Today (November 9), Co-Chairman William Reilly's issued an opening statement summarizing his feeling on the previous day's hearing and the Commissions investigation thus far. Co-Chairman Bob Graham's was expected to release a statement later today at the completion of the hearing. Co-Chairman Reilly said the presentations and examinations covered in the November 8 session uncovered a suite of bad decisions which he listed as follows: failed cement tests, premature removal of muds underbalancing the well, a negative pressure test that failed but was adjudged a success, apparent inattention, distraction or misreading of a key indicator that gas was rising toward the rig.
He said, "Our investigative team did not ascribe motive to any of those decisions and reported that they found no evidence that those flawed decisions were made to save money.

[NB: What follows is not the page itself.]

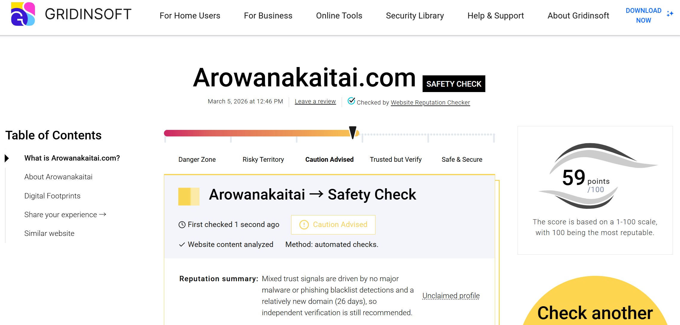 調べたりAIサービスに聞いたりしてもよく分からないWebサイトがある場合は、GRIDINSOFTによるWebサイトのレピュテーションを確認してみるとよい。当該Webサイトにアクセスしてよいかどうかの判断が難しい場合は、こういったサービスを利用してみることも重要である。

They didn't rule out cost, just said they weren't prepared to attribute mercenary motives to men who cannot speak for themselves because they are not alive. But the story they told is ghastly: one bad call after another.
"Whatever else we learned and saw yesterday is emphatically not a culture of safety on that rig. I referred to a culture of complacency and speaking for myself, all these companies we heard from displayed it. And to me the fact that each company is responsible for one or more egregiously bad decision, we're closing in on the answer to the question I posed at the outset of yesterday's hearing, whether the Macondo disaster was a unique event, the result of special challenges and circumstances, or indicates something larger, a systemic problem in the oil and gas industry.
"BP, Halliburton and Transocean are major respected companies operating throughout the Gulf and the evidence is they are in need of top-to-bottom reform. We are aware of what appeared to be a rush to completion at Macondo, and one must ask whether the drive came from that made people determine they couldn't wait for sound cement, or the right centralizers. We know a safety culture must be led from the top, and permeate a company. The Commission is looking beyond the rig to the months and years before. BP has been notoriously challenged on matters of process safety. Other companies may not be so challenged and today we will hear from two whose reputations for safety and environmental protection are exemplary.
"They will tell us, I believe, that safety and efficiency reinforce one another, and that their safety cultures have contributed to their profitability. Both companies and their safety/risk management systems have received extensive examination by the Commission's staff in meetings I have attended. They are impressive. Nevertheless, their rigs have been shut down in the Gulf this summer because of the performance of other companies. This has led the Commission to learn from the nuclear industry which has an institute that promotes best practices, reinforces regulations, and polices the laggards. So if yesterday we heard from the laggards, today we hope to learn from the leaders -- companies which learned from their own crises and disasters and rose to become standard setters."
The Commission issued a summary listing of "Preliminary Conclusions Technical," along with extensive technical backup information. The summary is as follows:
- Flow path was exclusively through shoe track and up through casing.
- Cement (potentially contaminated or displaced by other materials) in shoe track and in some portion of annular space failed to isolate hydrocarbons.
- Pre-job laboratory data should have prompted redesign of cement slurry.
- Cement evaluation tools might have identified cementing failure, but most operators would not have run tools at that time. They would have relied on the negative pressure test.
- Negative pressure test repeatedly showed that primary cement job had not isolated hydrocarbons.
- Despite those results, BP and TO personnel treated negative pressure test as a complete success.
- BP's temporary abandonment procedures introduced additional risk.
- Number of simultaneous activities and nature of flow monitoring equipment made kick detection more difficult during riser displacement.
- Nevertheless, kick indications were clear enough that if observed would have allowed the rig crew to have responded earlier.
- Once the rig crew recognized the influx, there were several options that might have prevented or delayed the explosion and/or shut in the well.
- Diverting overboard might have prevented or delayed the explosion. Triggering the EDS prior to the explosion might have shut in the well and limited the impact of any explosion and/or the blowout.
- Technical conclusions regarding BOP should await results of forensic BOP examination and testing.
- No evidence at this time to suggest that there was a conscious decision to sacrifice safety concerns to save money.